My report is intended for those people who know the word "replication", even know that it exists in MySQL, and perhaps it was set up once, they spent 15 minutes and forgot. More about her, they do not know anything.

We will go through the theory for a bit, try to explain how it all works inside, and after that you can dive into the documentation with triple strengths.

What is replication, in principle? This is a copy of the changes. We have one copy of the database, we want, for some purpose, another copy.

Replication is of different types. Different axes of comparison:

the degree of synchronization of changes (sync, async, semisync);
number of recording servers (M / S, M / M);
format changes (statement-based (SBR), row-based (RBR), mixed);
theoretically, the change transfer model (push, pull).

The report will not:

All this is on the Internet, the syntax does not make sense.

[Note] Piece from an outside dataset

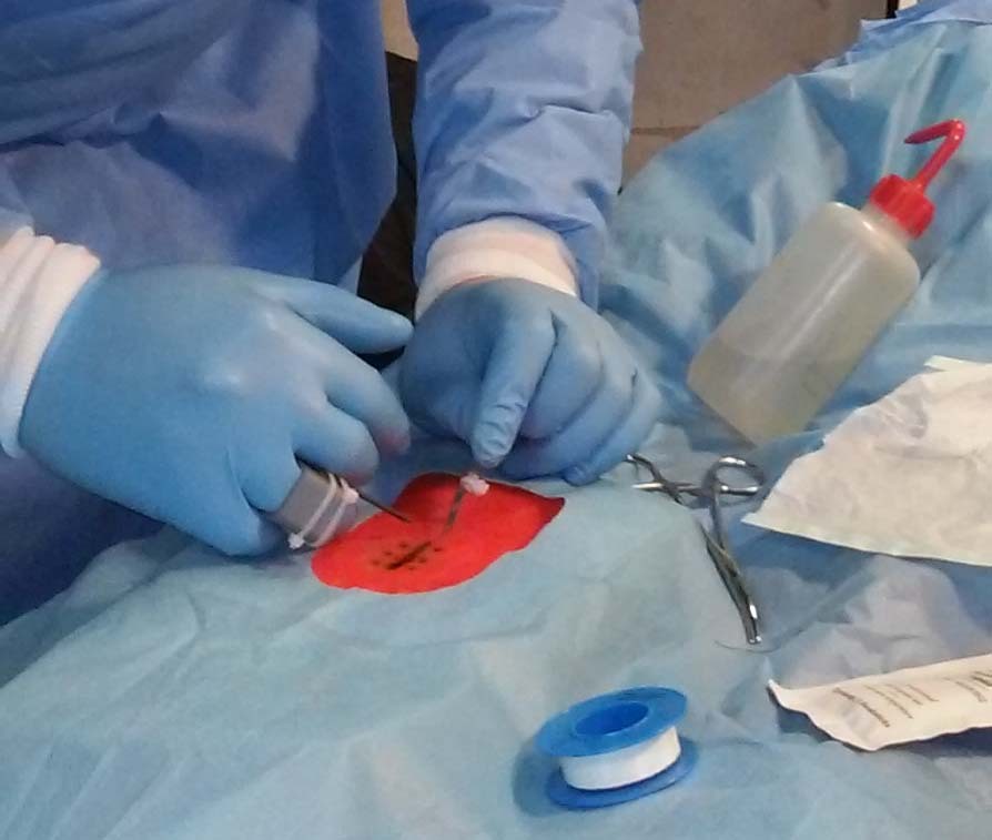 Closeup view of the 3D printed scalpel handle (right hand) and “claw” (left hand)

Funny fact - if you think a little, replication theoretically helps us, as a matter of principle, to read only the scale. Here is a somewhat unobvious conclusion. This is because if we need to pour a certain amount of changes on the same copy of the data, and this specific copy of the data is served by the same server, then this server is able to withstand a certain number of updates per second and not upload more there. The server is able to update 1000 records per second, and 2000 is not capable. What will change from the fact that you put a replica to this server, it does not matter in the master-slave or master-master mode? Can you pour a second thousand updates on this cue? The correct answer is no.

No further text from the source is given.